Ugh - looks somewhat complicated what is mounted there, in particular I know nothing at all about container stuff like kubernetes and kubelet or docker.

I see nothing about home at all so it seems the /home/ directory belongs to the root filesystem so that it should normally just be automatically included in the tar backup.

Currently I have no idea why it is not included in the backup in this particular case here.

Is perhaps what appears as home not a regular directory of the root filesystem but some kind of indirectly provided stuff via some container thingy like kubernetes, docker and whatnot?
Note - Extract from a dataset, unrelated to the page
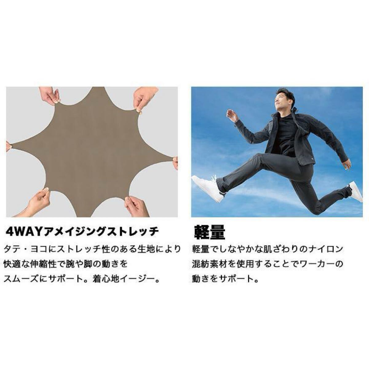 この素材は、縦横に伸縮するため、体の動きに柔軟に対応し、作業中の窮屈感を解消します。

leonardottl commented 5 years ago

In fact home is just an example of a directory that is missing, in fact home is basically empty in our setup, because most of the work is done on containers, and stored on a data disk, so home is basically configuration stuff for each user, not much else. But other directories are also missing. So yes, home is in the root (which it should not be we know), but it is not being included in the bakup, in general the backup is only a fraction of the size of the whole system .

Some other points to consider:

jsmeix commented 4 years ago

@leonardottl I think it will not provide a real solution for your issue so mainly FYI you may have a look at a similar issue https://github.com/rear/rear/issues/2344

Perhaps it might even help you a bit nevertheless.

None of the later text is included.